• AVAILABLE DATA:
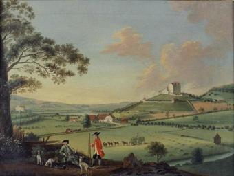Keywords: Schloss Wildegg um 1760.jpg Fernblick auf Schloss Wildegg AG von Süden in sommerlicher Landschaft ca 1760 oil on canvas cm 34 45 Historisches Museum Aargau Schloss Wildegg accession number object history credit line own PD-old-100 1760s paintings in Switzerland Castles in art Collection of Schloss Wildegg |
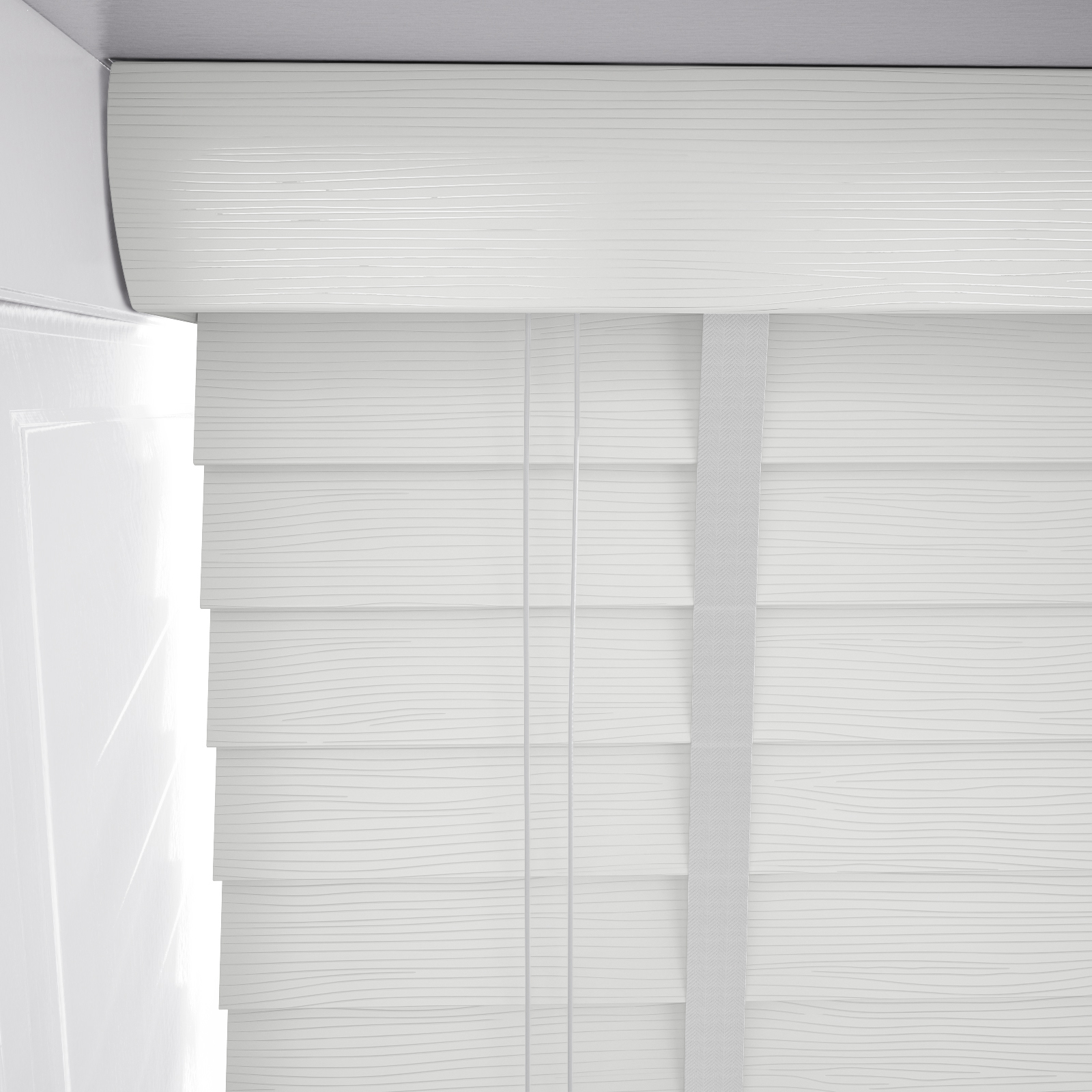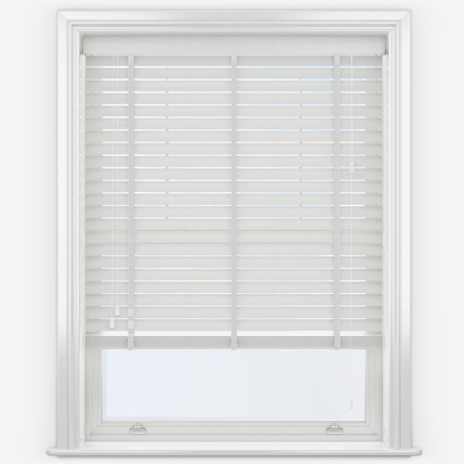 This gorgeous bright white faux wood blind, with its fine grain effect and sleek finish, captures the look of natural wood without any of the disadvantages. Its charming complementary white tapes make this made to measure blind a stylish and versatile window dressing.
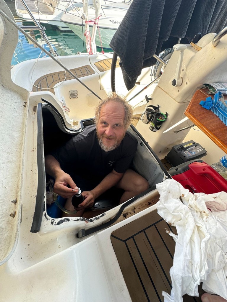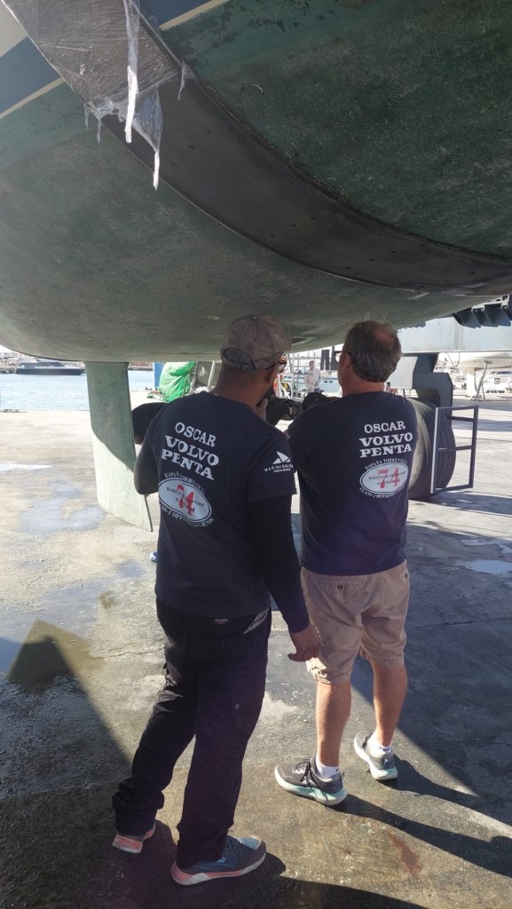 Währenddessen wechselte das Team von Oscar das Öl im Saildrive ( spezieller Antrieb bei Segelbooten), baute die Schraube ab, wartete Selbige und machte noch Vieles mehr. Dies war die Magie von „Oscar Marine Engines“, denn Oscar hatte sich offensichtlich entschlossen, uns nur auf große Fahrt gehen zu lassen, wenn er sich sicher sein konnte , dass wirklich alles in Ordnung sei. „Tippi Toppi“ würde er sagen.

• TASK DESCRIPTION: Repeat the data exactly. No pictures should appear.

• PROBLEM SOLUTION:
Keywords: Schloss Wildegg um 1760.jpg Fernblick auf Schloss Wildegg AG von Süden in sommerlicher Landschaft ca 1760 oil on canvas cm 34 45 Historisches Museum Aargau Schloss Wildegg accession number object history credit line own PD-old-100 1760s paintings in Switzerland Castles in art Collection of Schloss Wildegg |
 This gorgeous bright white faux wood blind, with its fine grain effect and sleek finish, captures the look of natural wood without any of the disadvantages. Its charming complementary white tapes make this made to measure blind a stylish and versatile window dressing.
 Währenddessen wechselte das Team von Oscar das Öl im Saildrive ( spezieller Antrieb bei Segelbooten), baute die Schraube ab, wartete Selbige und machte noch Vieles mehr. Dies war die Magie von „Oscar Marine Engines“, denn Oscar hatte sich offensichtlich entschlossen, uns nur auf große Fahrt gehen zu lassen, wenn er sich sicher sein konnte , dass wirklich alles in Ordnung sei. „Tippi Toppi“ würde er sagen.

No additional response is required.